__Task objective__:
When you retype the data, keep every word exactly and include none of the pictures.

-- Opening Marker --

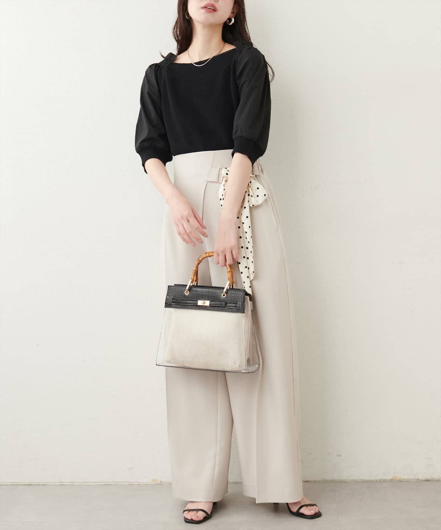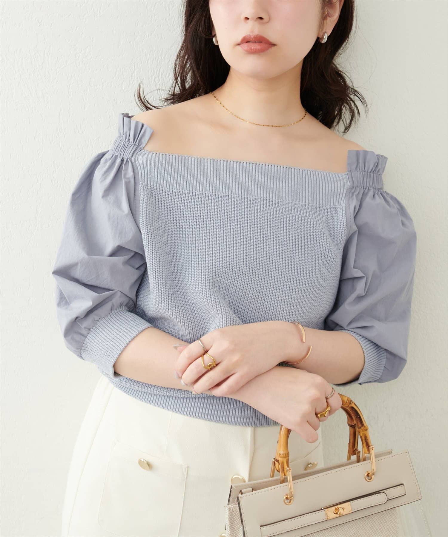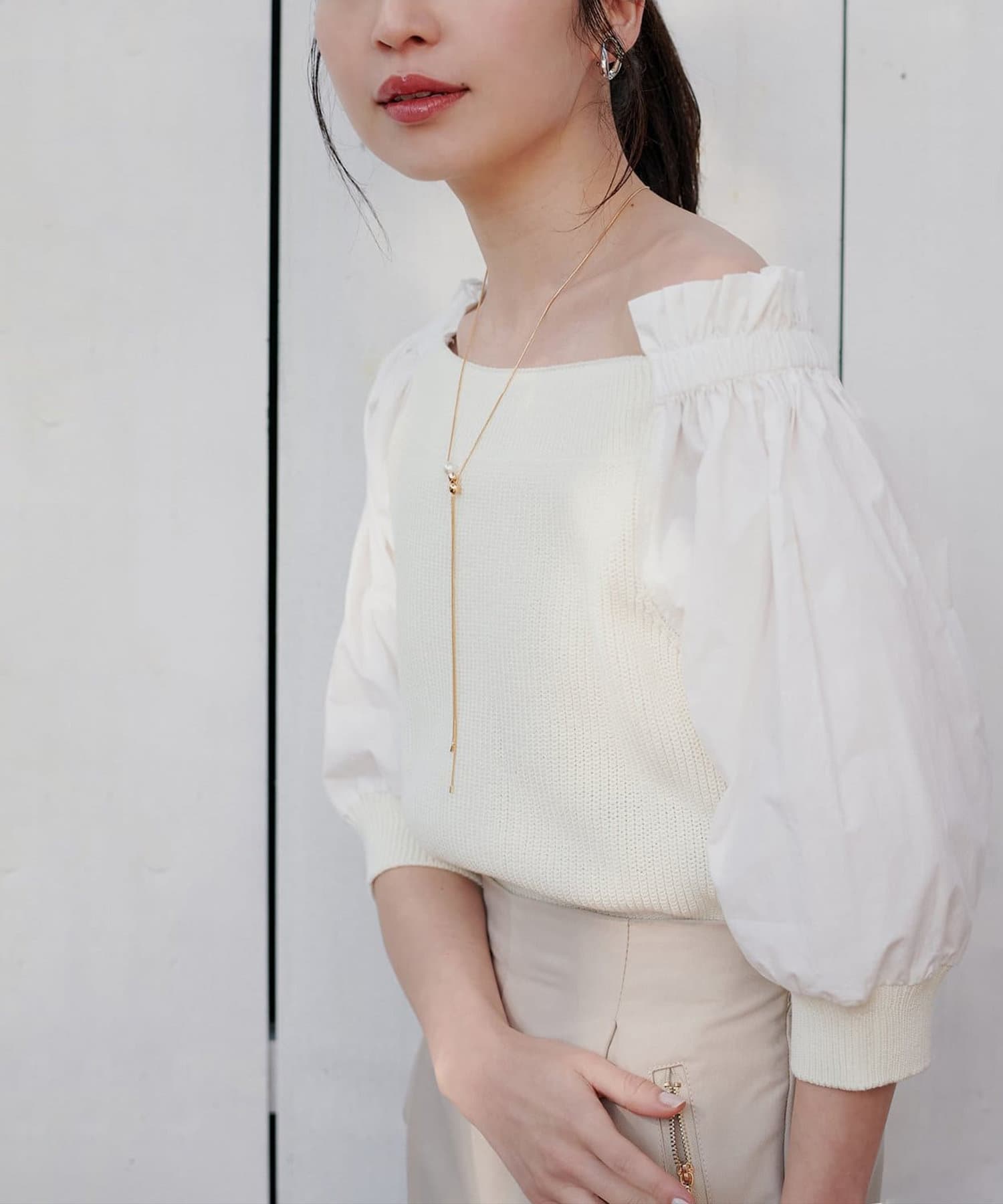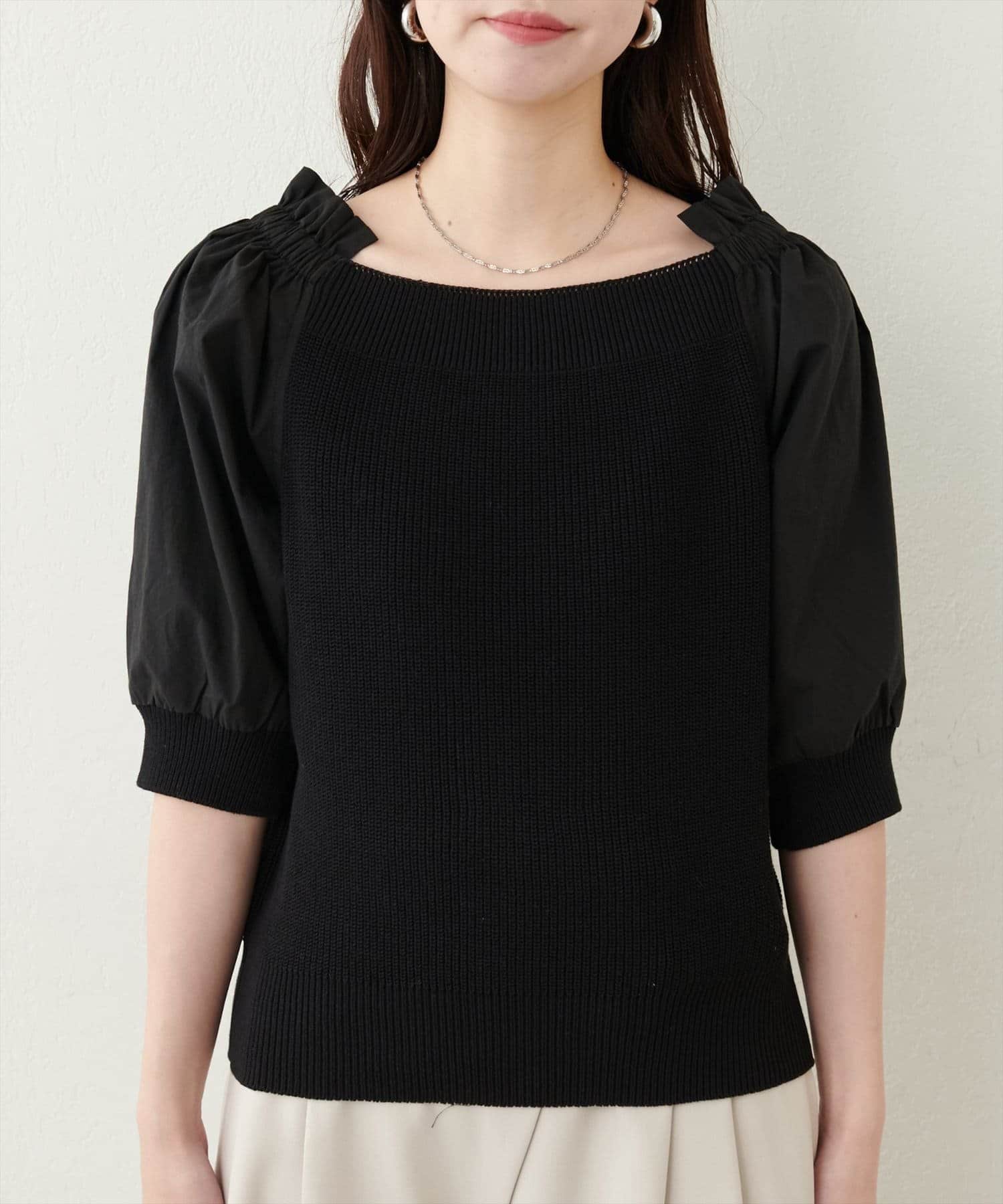 【natural couture】2WAY布帛ドッキングニットプルオーバー
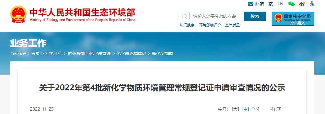 關于2022年第4批新化學物質環境管理常規登記證申請審查情況的公示
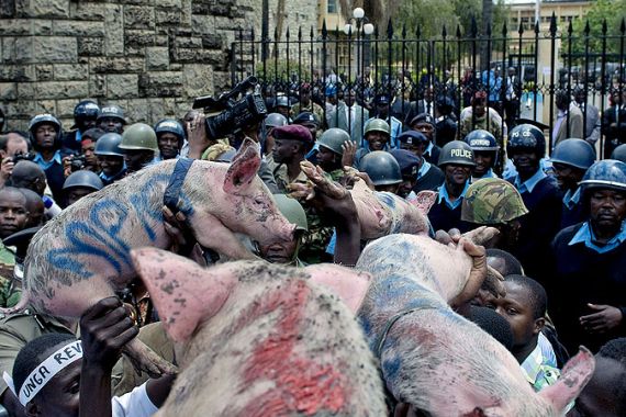 | ‘Greedy pig’ protest held at Kenya parliament |
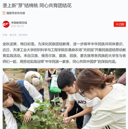 金秋送爽,棉白如雪。为深化民族团结教育,进一步铸牢中华民族共同体意识,近日,天津工业大学纺织科学与工程学院在桑麻农场“天纺园”开展民族团结劳动教育实践活动。来自汉族、维吾尔族、藏族、回族、蒙古族等各民族的大学生与老师们一起,用劳动实践诠释“中华民族一家亲,同心共筑中国梦”的深刻内涵。
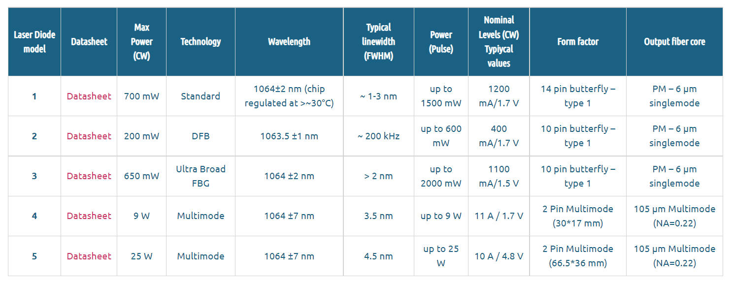 テクノロジー: Single mode Fabry Perot、DFB、Fabry Perrot with broad FBG、Single emitter Multimode、Multi-emitter Multimode
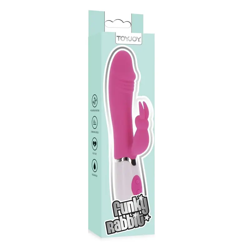 Funky Rabbit - веселый и мощный вибратор в ярком цвете. В игрушке есть стимулятор клитора в виде кролика. Вибратор безопасен для тела, защищен от брызг и изготовлен из 100% чистого силикона.
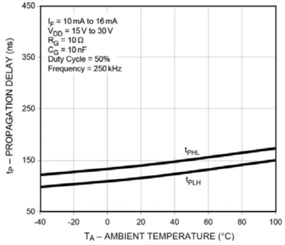 穩(wěn)定LED、溫度補(bǔ)償放大器和電流源,傳播延遲在-40℃至100℃間的變化通常是+0.2 ns /℃,如圖6所示。

-- Closing Marker --

__Written response__:
 【natural couture】2WAY布帛ドッキングニットプルオーバー
 關于2022年第4批新化學物質環境管理常規登記證申請審查情況的公示
 | ‘Greedy pig’ protest held at Kenya parliament |
 金秋送爽,棉白如雪。为深化民族团结教育,进一步铸牢中华民族共同体意识,近日,天津工业大学纺织科学与工程学院在桑麻农场“天纺园”开展民族团结劳动教育实践活动。来自汉族、维吾尔族、藏族、回族、蒙古族等各民族的大学生与老师们一起,用劳动实践诠释“中华民族一家亲,同心共筑中国梦”的深刻内涵。
 テクノロジー: Single mode Fabry Perot、DFB、Fabry Perrot with broad FBG、Single emitter Multimode、Multi-emitter Multimode
 Funky Rabbit - веселый и мощный вибратор в ярком цвете. В игрушке есть стимулятор клитора в виде кролика. Вибратор безопасен для тела, защищен от брызг и изготовлен из 100% чистого силикона.
 穩(wěn)定LED、溫度補(bǔ)償放大器和電流源,傳播延遲在-40℃至100℃間的變化通常是+0.2 ns /℃,如圖6所示。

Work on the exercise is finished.